<h2 align=center>Zero Shot Learning for Topic Modelling with Keywords</h2>


In this notebook we will be performing the task of assigning label names to keywords by using Zero Shot Learning. The approach has been tested on different datasets and the results generated as keywords with their assigned labl names with their corresponding accuracy score. 

This project/notebook consists of several Tasks.

- **[Task 1]()**: Importing the required libraries in the environment.
- **[Task ]()**: Instantiating the classifier by using huggingface pipeline
- **[Task 4]()**: Forming Class Names to which the keywords will be assigned to
- **[Task 5]()**: Passing the keywords and the class names through the classifier
- **[Task 6]()**: Analysis of the labels assigned to keywords

### Task 1: Importing the required libraries in the environment.

In [1]:
#Importing the necessary libraries
import numpy as np
import pandas as pd
import matplotlib.pyplot as plt
import seaborn as sns
from sklearn.metrics import classification_report, confusion_matrix

import transformers
from transformers import pipeline

import nltk

import warnings
warnings.filterwarnings("ignore")

2021-10-25 20:32:17.729784: W tensorflow/stream_executor/platform/default/dso_loader.cc:59] Could not load dynamic library 'libcudart.so.10.1'; dlerror: libcudart.so.10.1: cannot open shared object file: No such file or directory
2021-10-25 20:32:17.729849: I tensorflow/stream_executor/cuda/cudart_stub.cc:29] Ignore above cudart dlerror if you do not have a GPU set up on your machine.


In [2]:
print(transformers.__version__)

4.10.2


### Configure the FB-Bart-Large-mnli model pipeline

This transformer has been trained on a massily amount of data so already understands loads about the structure of text. 

In [11]:
classifier = pipeline('zero-shot-classification', model = 'facebook/bart-large-mnli')

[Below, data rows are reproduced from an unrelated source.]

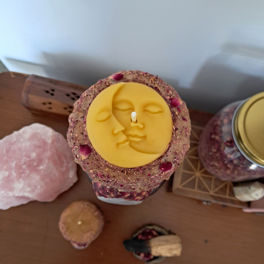 Sun/Moon Beeswax Candle with Rainbow Moonstone (15 x 8cm) ♡ Sacred Rose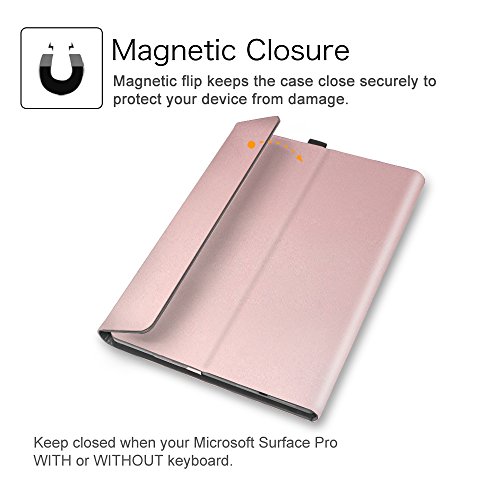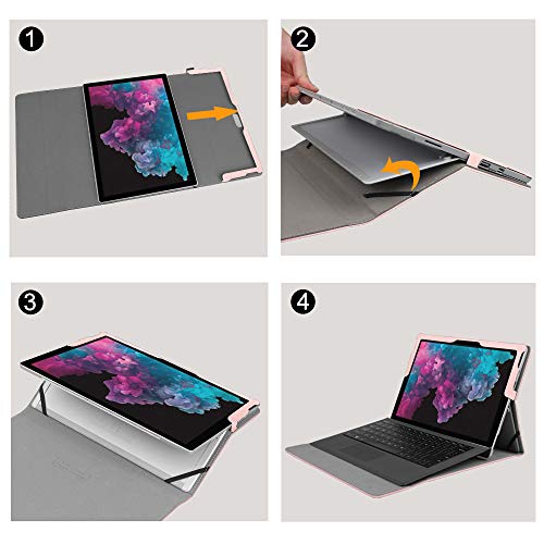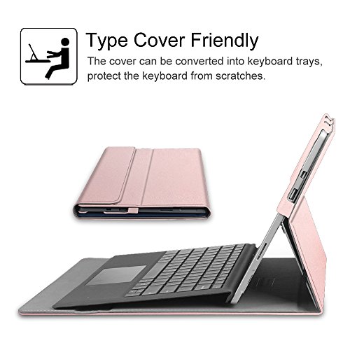 FINTIE Hülle für Microsoft Surface Pro 7+/ 7/6/ 5/4/ 3 Tablet 12.3 Zoll - Multi-Sichtwinkel Hochwertige Tasche Schutzhülle aus Kunstleder, Type Cover kompatibel, Roségold
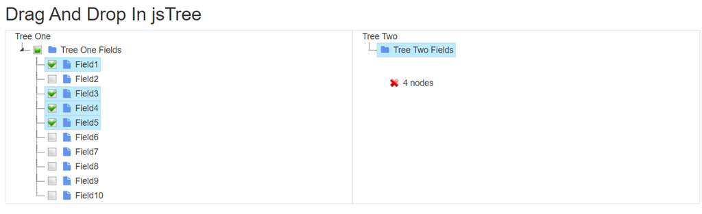 From the above code and image, you can see that we have created two jstrees. TreeOne & TreeTwo and enabled checkbox plugin for TreeOne. This is the basic load before we get into drag & drop.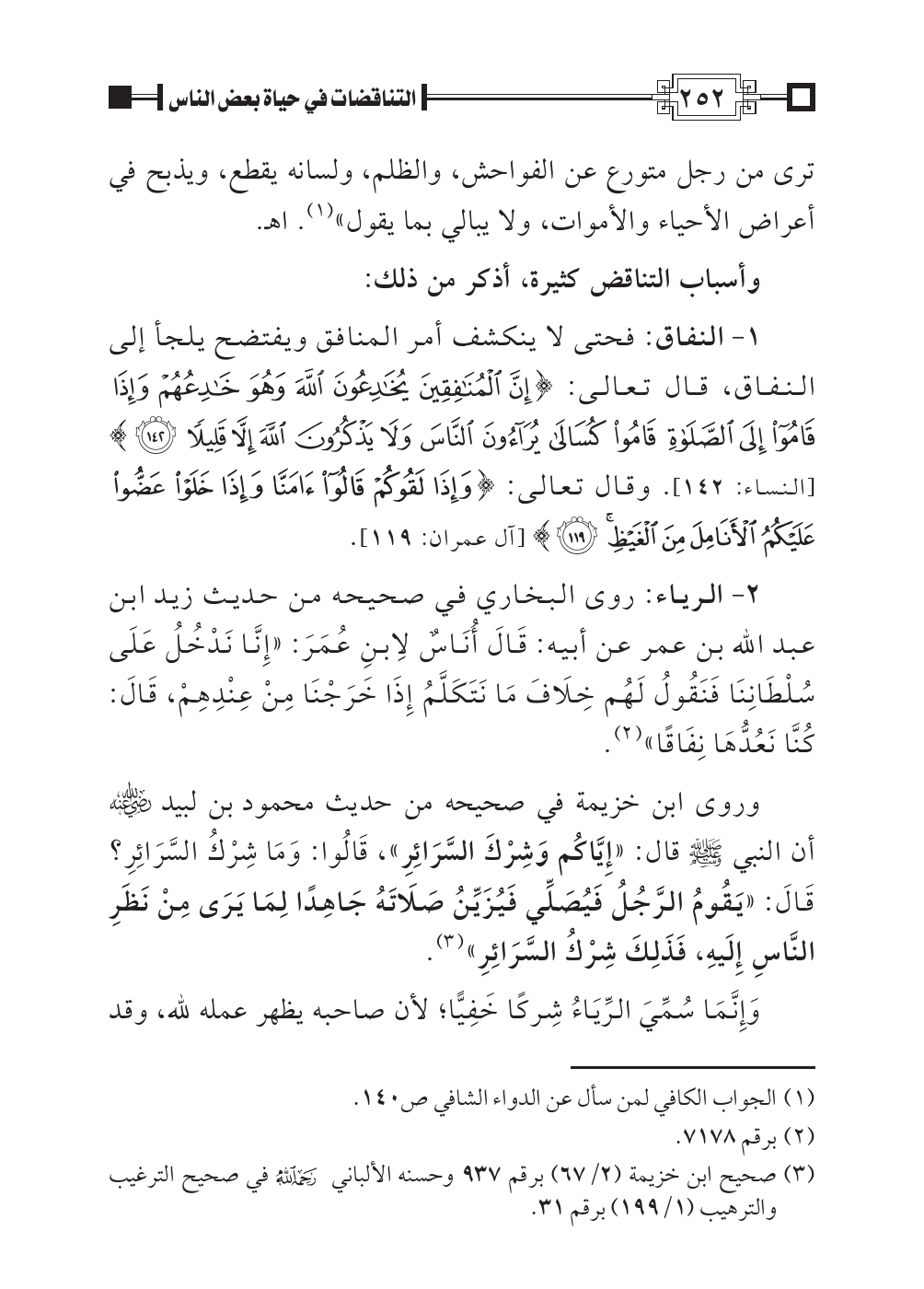 ٢ - الرياء: روى البخاري في صحيحه من حديث زيد ابن عبد الله بن عمر عن أبيه: قَالَ أُنَاسٌ لِابنِ عُمَرَ: «إِنَّا نَدْخُلُ عَلَى سُلْطَانِنَا فَنَقُولُ لَهُم خِلَافَ مَا نَتَكَلَّمُ إِذَا خَرَجْنَا مِنْ عِنْدِهِمْ، قَالَ: كُنَّا نَعُدُّهَا نِفَاقًا» (¬٢).

### Define the class Labels
We'll be using `Bart for multi-class text classification.` To perform, we first need to provide it with a list of classes and it will figure our which keywords should be assigned to which class (intent). It does this by presenting each candidate label as a <b>hypothesis</b> to the model, with the sequence text representing the "premise."

To come up with labels, we can do EDA, but for starting, we can try the official intents i.e., Informational, Navigational, Transactional, Commercial

In [None]:
df = pd.read_csv('df.csv')
df = df[["Keyword","Label"]]
df.head()

In [None]:
df.shape

In [None]:
fig=plt.figure(figsize=(10, 5))

plt.hist(df.Label,color = "skyblue", lw=0)
plt.xlabel('Types of Labels')
plt.ylabel('Number of Instances')
plt.title('Distribution of Label in Dataset by SEO');

In [None]:
df_copy = df.copy()
df_copy = df_copy[["Keyword"]]
df_copy.head()

### Task 4: Forming Class Names to which the keywords will be assigned to

In [43]:
classes = ['Informational',
           'Local',
           'Transactional',
           'Navigational']

In [44]:
keyword = df_copy['Keyword'][0]

In [None]:
result = classifier(keyword, classes, multi_label=False)
result

### Task 5: Passing the keywords and the class names through the classifier

In [46]:
df_copy['labels'] = df_copy.apply(lambda x: classifier(x.Keyword, classes, multi_label=False), axis=1)

In [47]:
df_copy['predicted_label'] = df_copy.apply(lambda row: row['labels']['labels'][0], axis = 1)
df_copy['score'] = df_copy.apply(lambda row: row['labels']['scores'][0], axis=1)

In [None]:
df_copy.head(10)

### Task 6: Analysis of the labels assigned to keywords

In [None]:
result = pd.merge(df, df_copy, on='Keyword', how='inner')
result = result[['Keyword','Label','predicted_label','score']]
#result = result.groupby('predicted_label').head(20).reset_index(drop=False)
result.head(20)

In [None]:
result.loc[result['predicted_label'] == 'Local'].head(7)
#result.loc[result['column_name'] == some_value]

In [None]:
result.loc[result['predicted_label'] == 'Navigational'].head(7)